** Prompt **
With all images omitted, write out the records word for word.

** Data provided **
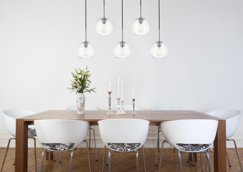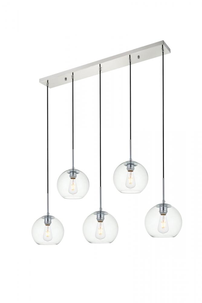 Refined style with a practical design, Baxter hanging pendant lamps bring cosmopolitan sophistication anywhere, especially to an entryway, office, bathroom, bedroom, or kitchen. The smooth iron frame features a rectangular canopy and comes in a chrome finish. Adjustable black cords allow you to vary the hanging height from 14 to 87 inches. Two staggered rows of five identical clear spherical glass shades remain open at the center to allow for effortless replacement of the filament-style bulbs (not included). Living in the big city has never been this easy.
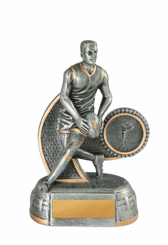 Classic series of column trophies available in different colours. Choose top for sport or activity. Aussie Rules series offers prominent space for your custom logo.
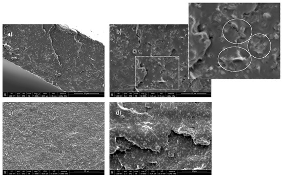 Interestingly, the low-magnification SEM images of PLA/LDH-DS/RA (Figure 6a) showed a relatively homogeneous morphology. At the same time, at higher magnification (Figure 6b), numerous well-dispersed and evenly distributed structures were visible in the polymer phase due to LDH layers. The lamellae may have been well embedded in the polymer and differently oriented from the surface. In the case of the PLA/LDH-DS/GA sample, SEM micrographs did not reveal the presence of LDH-DS/GA (Figure 6c,d), suggesting a good dispersion and distribution of lamellae, down to the nanoscale, and confirming the XRD data.
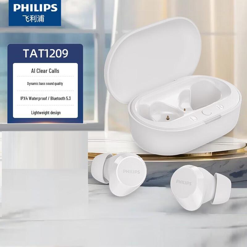 Experience crystal-clear audio with the Philips TAT1209 True Wireless Earbuds. Featuring a comfortable bean-style in-ear design and single dynamic drivers, these Bluetooth earbuds deliver rich sound for your everyday listening.
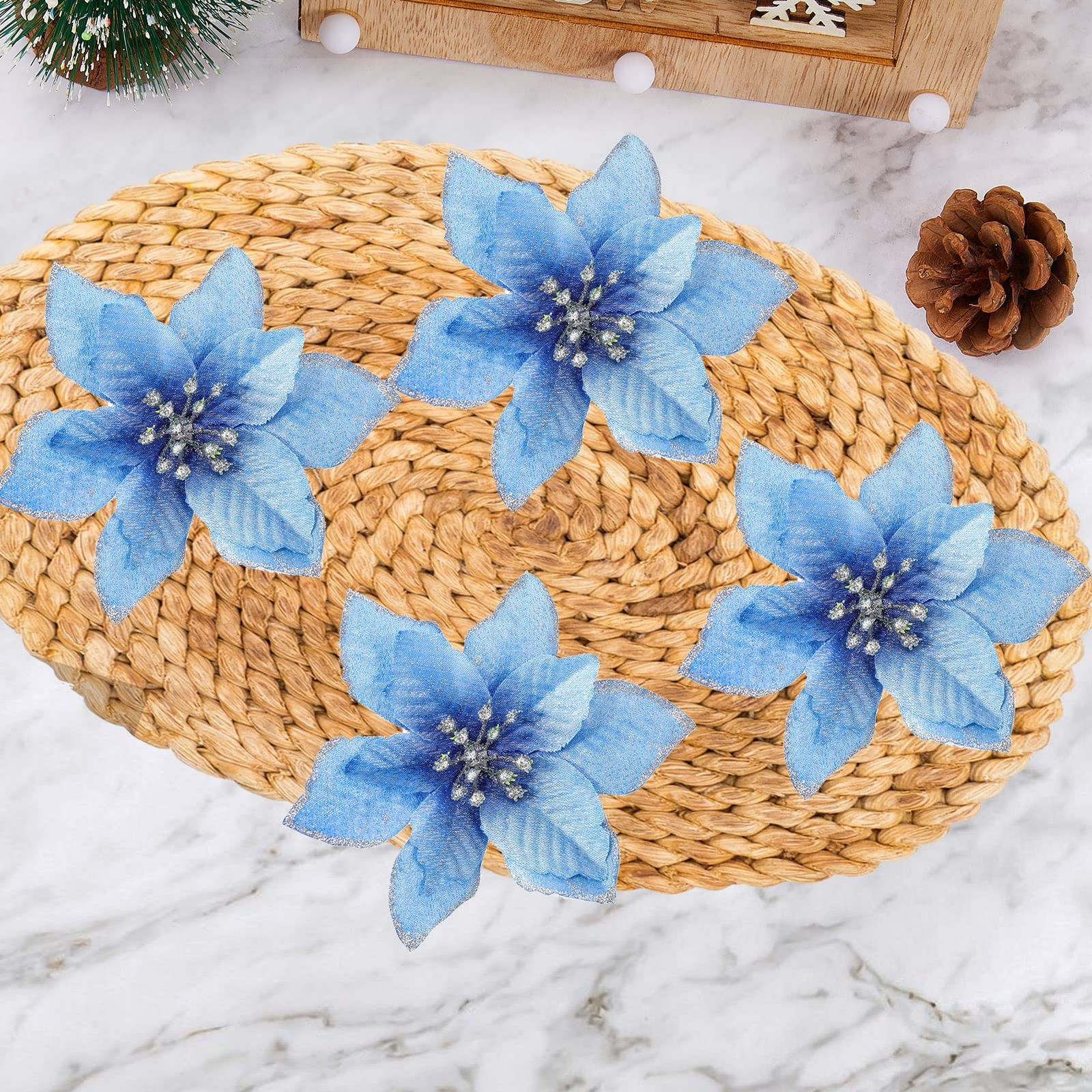 Product Details Key Features Gorgeous Looking: Dazzling glitter flower ornaments are by the real poinsettia with seasonal colors and rich details. Use them to make your fire place, front porch door, window, yard, stair railing and fence full of holiday cheer. Ideal Decoration for Christmas, Wedding, Party, etc.: Glitter poinsettia flowers will look great on your tree, garland, wreath and where you put them on. They will just add festive spirit and sparkle around your home. Absolutely shiny especially under light in evening! You can arrange them with other
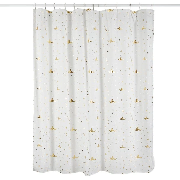 Take your bath time to a whole new world with this Jasmine shower curtain. This shimmering design features an allover gold foil print of Jasmine’s and Aladdin’s silhouettes flying through the night sky, adding a touch of magic to your bathroom.
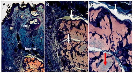 Optical microscopy images taken after in vivo implementation of differentiated EB in the presence of activate capsules (capsules incorporated with GFs) and alginate gel matrix. (A) subcutaneous section visualisation of skin (blue) and the implant (orange); (B,C) enlarged images of implant section representing the vascularisation (white areas) and suggested bone induction (grey area, red arrow). This figure is taken with permission from reference [].
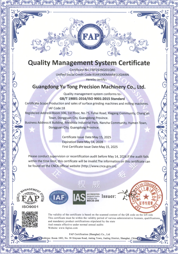 Guangdong Yutong Precision Machinery Co., Ltd. is a leading enterprise in China’s precision grinding machine industry, specializing in R&D, production and sales of precision machinery equipment. With technology innovation as the core and craftsmanship as the pursuit, we are committed to building a world-class Chinese precision machinery brand.
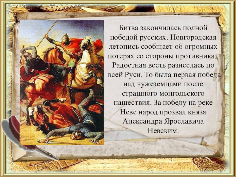 Радостная весть разнеслась по всей Руси. То была первая победа над чужеземцами после страшного монгольского нашествия. За победу на реке Неве народ прозвал князя Александра Ярославича Невским.
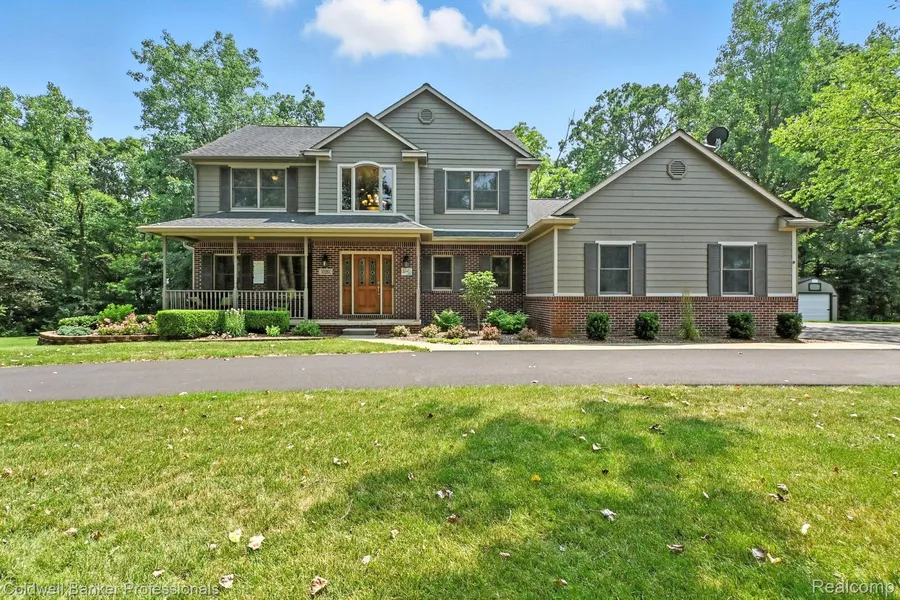 Amidst a picturesque wooded private setting, this custom designed home is on on on 1.36 acre, cul-de-sac, and 5 minute drive to downtown Saline! Captivating views from the Great Room, Kitchen, and Dining area; the centerpiece of the home. Andersen windows throughout with E-Glass! Chef's delight kitchen has cherry cabinets, hardwood flooring, granite countertops, vented exhaust fan, gas stove top, under cabinet lighting, walk-in pantry, and opens to beautiful mahogany wood deck with southern exposure. French door opens to inviting library with newer carpet. Added bonus is 1st floor bedroom. Oak trimmed staircase leads to 3 spacious bedrooms, two full baths and 2nd floor laundry. Finished lower level gives up north feel; includes media room, game area, pellet stove, bar, microwave, refrigerator, 3rd full bath, built-in speakers, egress windows, and spacious storage room. New landscaping and circle driveway 6/2025. New gutters and leaf guards, water pressure tank 8/2024. Large mudroom; insulated freshly painted three car garage has 2nd staircase to basement. Whole house generator and newer shed 2021.
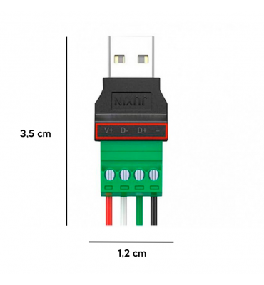 - Conector: USB 2.0 Tipo A macho a bloque de terminales de tornillo (4 pines).
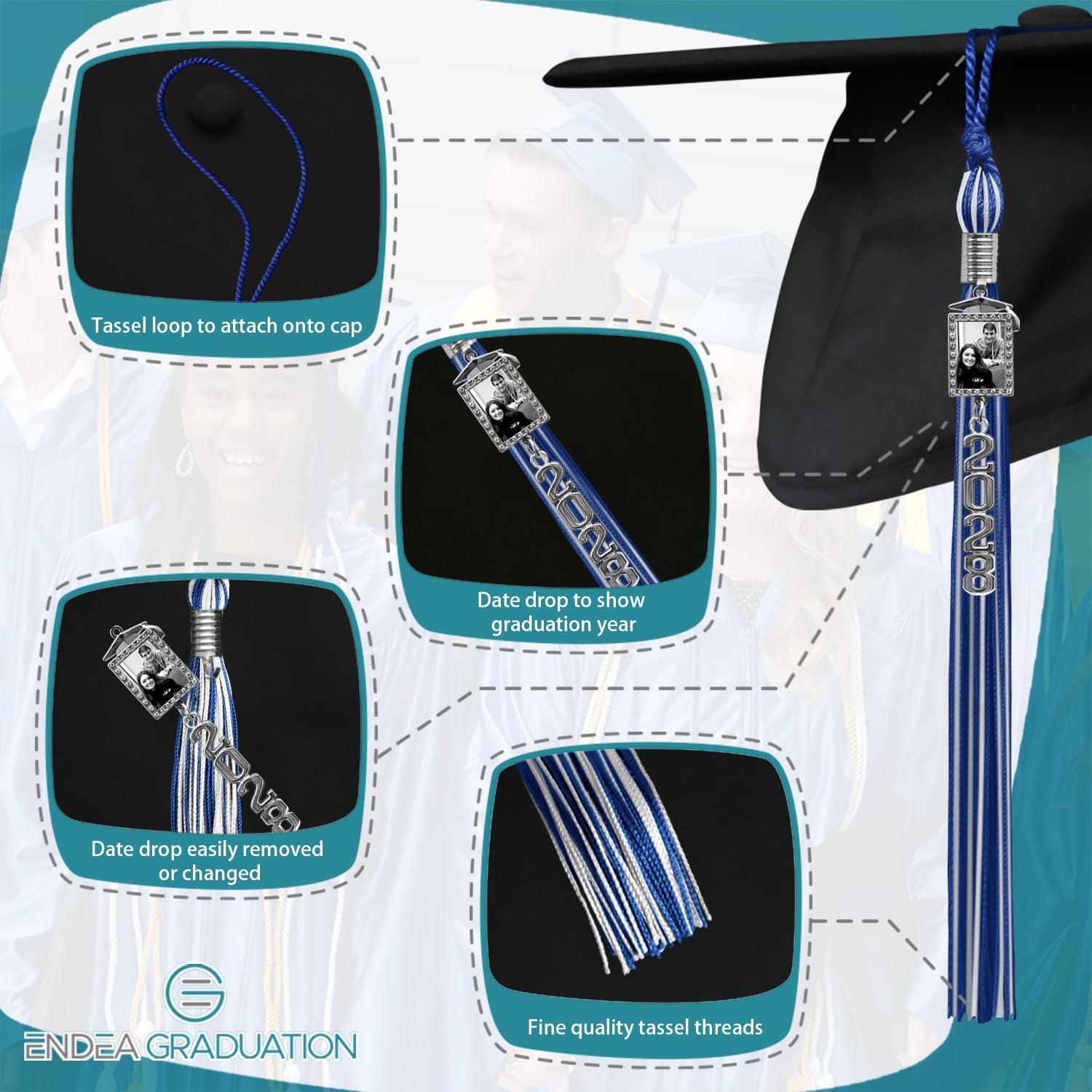 Royal Blue/White Tassel with Photo Frame Charm and Stacked Date Drop

** Result of the task **
 Refined style with a practical design, Baxter hanging pendant lamps bring cosmopolitan sophistication anywhere, especially to an entryway, office, bathroom, bedroom, or kitchen. The smooth iron frame features a rectangular canopy and comes in a chrome finish. Adjustable black cords allow you to vary the hanging height from 14 to 87 inches. Two staggered rows of five identical clear spherical glass shades remain open at the center to allow for effortless replacement of the filament-style bulbs (not included). Living in the big city has never been this easy.
 Classic series of column trophies available in different colours. Choose top for sport or activity. Aussie Rules series offers prominent space for your custom logo.
 Interestingly, the low-magnification SEM images of PLA/LDH-DS/RA (Figure 6a) showed a relatively homogeneous morphology. At the same time, at higher magnification (Figure 6b), numerous well-dispersed and evenly distributed structures were visible in the polymer phase due to LDH layers. The lamellae may have been well embedded in the polymer and differently oriented from the surface. In the case of the PLA/LDH-DS/GA sample, SEM micrographs did not reveal the presence of LDH-DS/GA (Figure 6c,d), suggesting a good dispersion and distribution of lamellae, down to the nanoscale, and confirming the XRD data.
 Experience crystal-clear audio with the Philips TAT1209 True Wireless Earbuds. Featuring a comfortable bean-style in-ear design and single dynamic drivers, these Bluetooth earbuds deliver rich sound for your everyday listening.
 Product Details Key Features Gorgeous Looking: Dazzling glitter flower ornaments are by the real poinsettia with seasonal colors and rich details. Use them to make your fire place, front porch door, window, yard, stair railing and fence full of holiday cheer. Ideal Decoration for Christmas, Wedding, Party, etc.: Glitter poinsettia flowers will look great on your tree, garland, wreath and where you put them on. They will just add festive spirit and sparkle around your home. Absolutely shiny especially under light in evening! You can arrange them with other
 Take your bath time to a whole new world with this Jasmine shower curtain. This shimmering design features an allover gold foil print of Jasmine’s and Aladdin’s silhouettes flying through the night sky, adding a touch of magic to your bathroom.
 Optical microscopy images taken after in vivo implementation of differentiated EB in the presence of activate capsules (capsules incorporated with GFs) and alginate gel matrix. (A) subcutaneous section visualisation of skin (blue) and the implant (orange); (B,C) enlarged images of implant section representing the vascularisation (white areas) and suggested bone induction (grey area, red arrow). This figure is taken with permission from reference [].
 Guangdong Yutong Precision Machinery Co., Ltd. is a leading enterprise in China’s precision grinding machine industry, specializing in R&D, production and sales of precision machinery equipment. With technology innovation as the core and craftsmanship as the pursuit, we are committed to building a world-class Chinese precision machinery brand.
 Радостная весть разнеслась по всей Руси. То была первая победа над чужеземцами после страшного монгольского нашествия. За победу на реке Неве народ прозвал князя Александра Ярославича Невским.
 Amidst a picturesque wooded private setting, this custom designed home is on on on 1.36 acre, cul-de-sac, and 5 minute drive to downtown Saline! Captivating views from the Great Room, Kitchen, and Dining area; the centerpiece of the home. Andersen windows throughout with E-Glass! Chef's delight kitchen has cherry cabinets, hardwood flooring, granite countertops, vented exhaust fan, gas stove top, under cabinet lighting, walk-in pantry, and opens to beautiful mahogany wood deck with southern exposure. French door opens to inviting library with newer carpet. Added bonus is 1st floor bedroom. Oak trimmed staircase leads to 3 spacious bedrooms, two full baths and 2nd floor laundry. Finished lower level gives up north feel; includes media room, game area, pellet stove, bar, microwave, refrigerator, 3rd full bath, built-in speakers, egress windows, and spacious storage room. New landscaping and circle driveway 6/2025. New gutters and leaf guards, water pressure tank 8/2024. Large mudroom; insulated freshly painted three car garage has 2nd staircase to basement. Whole house generator and newer shed 2021.
 - Conector: USB 2.0 Tipo A macho a bloque de terminales de tornillo (4 pines).
 Royal Blue/White Tassel with Photo Frame Charm and Stacked Date Drop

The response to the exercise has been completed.